» EXERCISE REQUIREMENTS: Give every line of the data again, unchanged, but with no pictures.
RECORDS FOR PROCESSING Start Marker
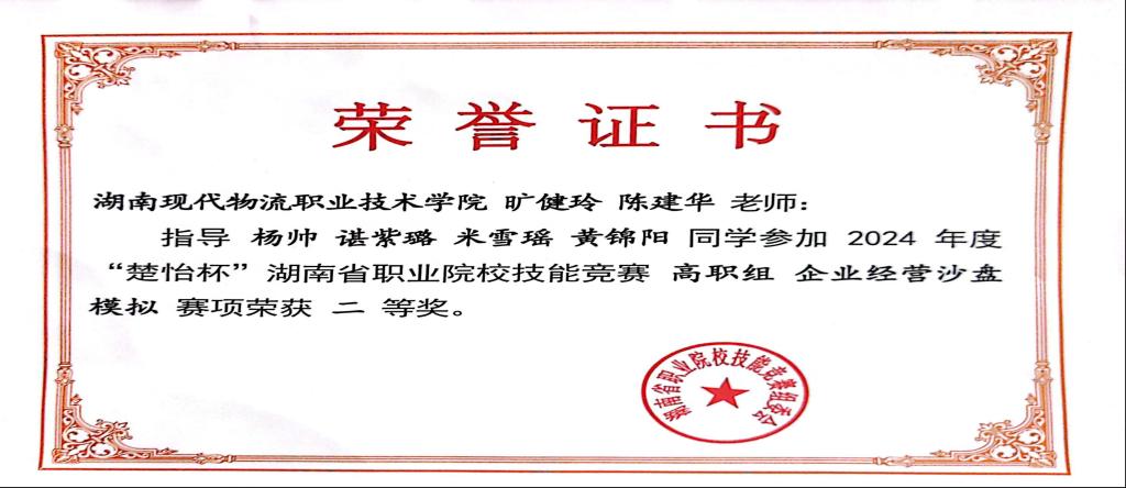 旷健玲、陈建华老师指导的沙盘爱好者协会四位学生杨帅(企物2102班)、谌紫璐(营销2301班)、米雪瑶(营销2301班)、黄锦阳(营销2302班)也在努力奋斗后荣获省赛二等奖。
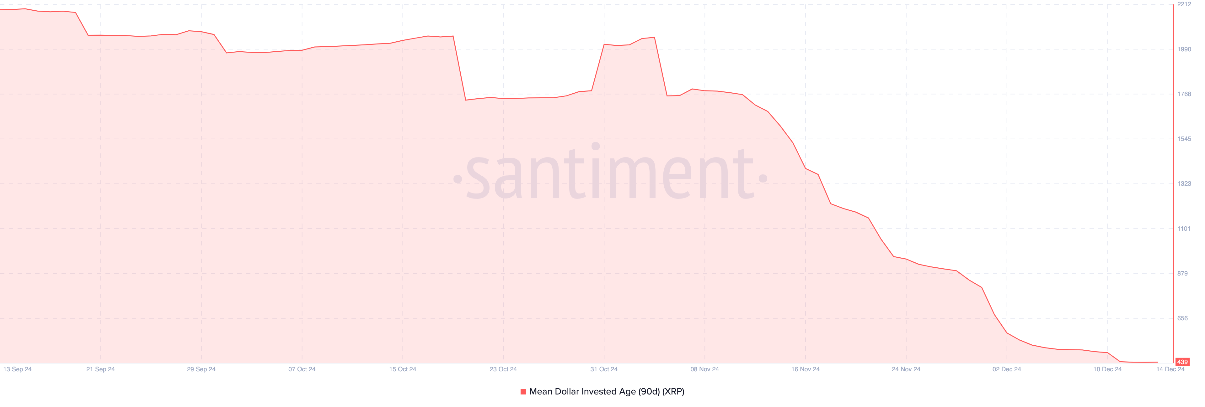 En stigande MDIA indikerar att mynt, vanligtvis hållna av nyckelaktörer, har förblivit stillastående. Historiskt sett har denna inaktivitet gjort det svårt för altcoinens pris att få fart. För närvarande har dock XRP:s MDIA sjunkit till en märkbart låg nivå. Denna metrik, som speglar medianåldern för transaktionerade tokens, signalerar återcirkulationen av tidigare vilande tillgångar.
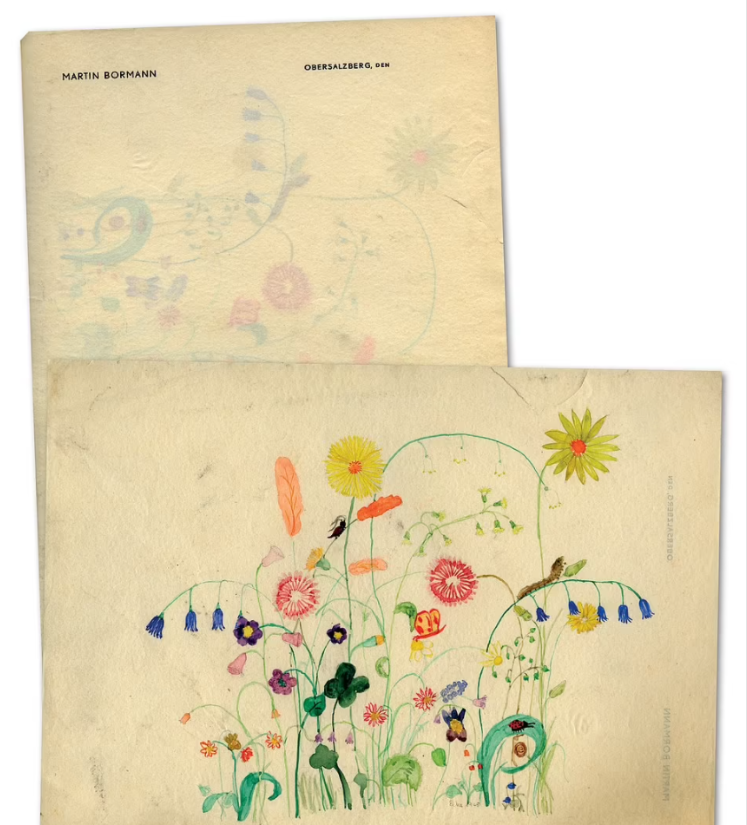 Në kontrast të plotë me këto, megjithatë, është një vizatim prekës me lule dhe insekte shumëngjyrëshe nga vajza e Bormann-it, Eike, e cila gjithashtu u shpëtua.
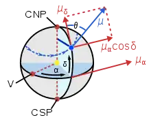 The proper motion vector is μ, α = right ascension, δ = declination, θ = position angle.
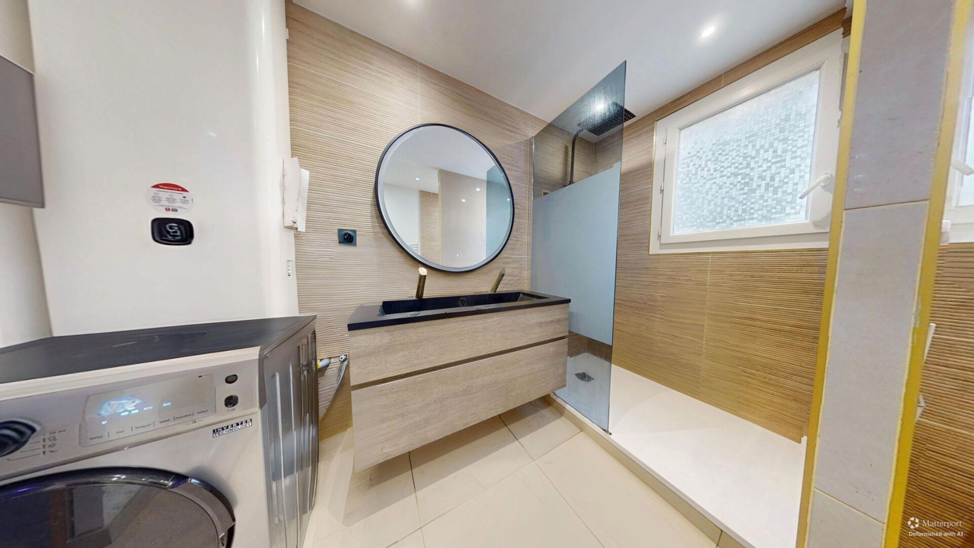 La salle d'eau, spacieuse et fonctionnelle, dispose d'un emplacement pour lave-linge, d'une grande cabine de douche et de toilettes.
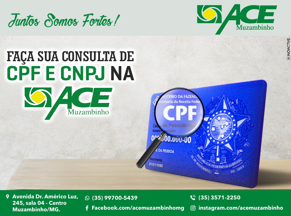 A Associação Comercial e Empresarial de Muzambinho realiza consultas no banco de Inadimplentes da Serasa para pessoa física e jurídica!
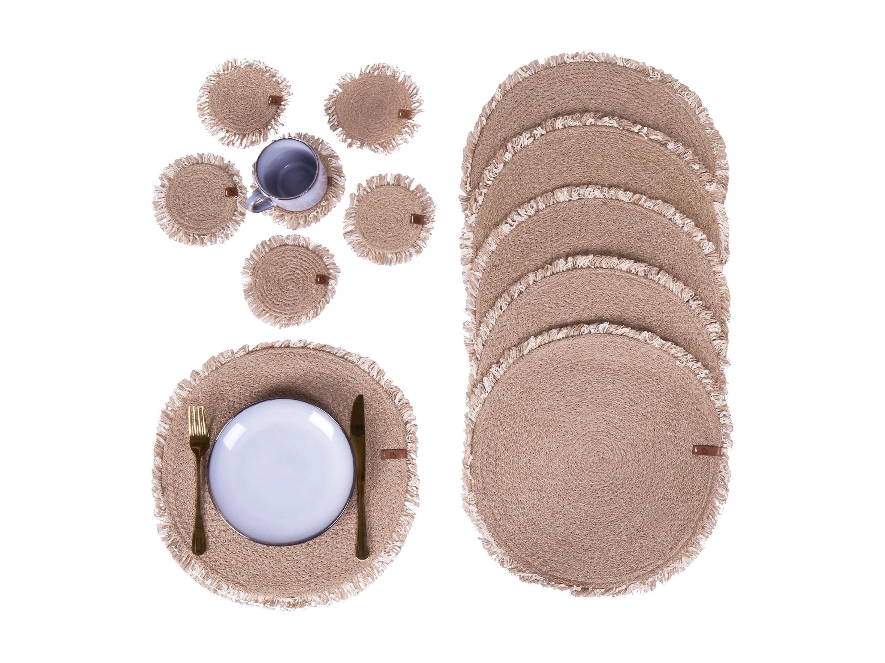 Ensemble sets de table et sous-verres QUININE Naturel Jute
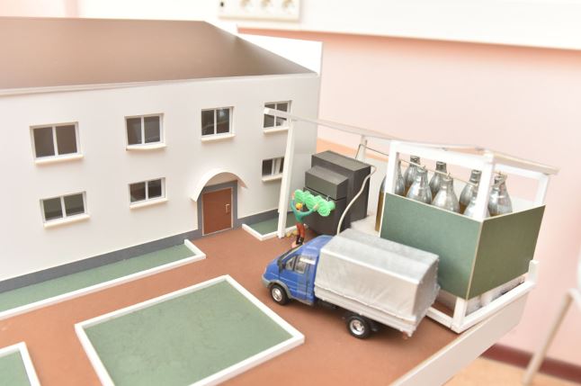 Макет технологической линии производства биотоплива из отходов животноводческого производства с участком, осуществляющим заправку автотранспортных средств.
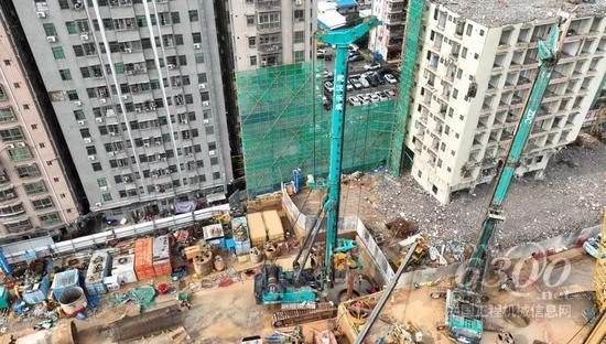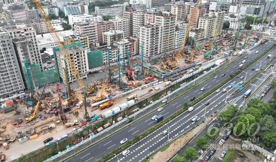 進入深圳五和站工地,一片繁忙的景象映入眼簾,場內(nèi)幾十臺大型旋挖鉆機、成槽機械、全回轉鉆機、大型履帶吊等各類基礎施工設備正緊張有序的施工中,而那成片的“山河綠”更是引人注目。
RECORDS FOR PROCESSING End Marker
» RESPONSE TO THE TASK:
 旷健玲、陈建华老师指导的沙盘爱好者协会四位学生杨帅(企物2102班)、谌紫璐(营销2301班)、米雪瑶(营销2301班)、黄锦阳(营销2302班)也在努力奋斗后荣获省赛二等奖。
 En stigande MDIA indikerar att mynt, vanligtvis hållna av nyckelaktörer, har förblivit stillastående. Historiskt sett har denna inaktivitet gjort det svårt för altcoinens pris att få fart. För närvarande har dock XRP:s MDIA sjunkit till en märkbart låg nivå. Denna metrik, som speglar medianåldern för transaktionerade tokens, signalerar återcirkulationen av tidigare vilande tillgångar.
 Në kontrast të plotë me këto, megjithatë, është një vizatim prekës me lule dhe insekte shumëngjyrëshe nga vajza e Bormann-it, Eike, e cila gjithashtu u shpëtua.
 The proper motion vector is μ, α = right ascension, δ = declination, θ = position angle.
 La salle d'eau, spacieuse et fonctionnelle, dispose d'un emplacement pour lave-linge, d'une grande cabine de douche et de toilettes.
 A Associação Comercial e Empresarial de Muzambinho realiza consultas no banco de Inadimplentes da Serasa para pessoa física e jurídica!
 Ensemble sets de table et sous-verres QUININE Naturel Jute
 Макет технологической линии производства биотоплива из отходов животноводческого производства с участком, осуществляющим заправку автотранспортных средств.
 進入深圳五和站工地,一片繁忙的景象映入眼簾,場內(nèi)幾十臺大型旋挖鉆機、成槽機械、全回轉鉆機、大型履帶吊等各類基礎施工設備正緊張有序的施工中,而那成片的“山河綠”更是引人注目。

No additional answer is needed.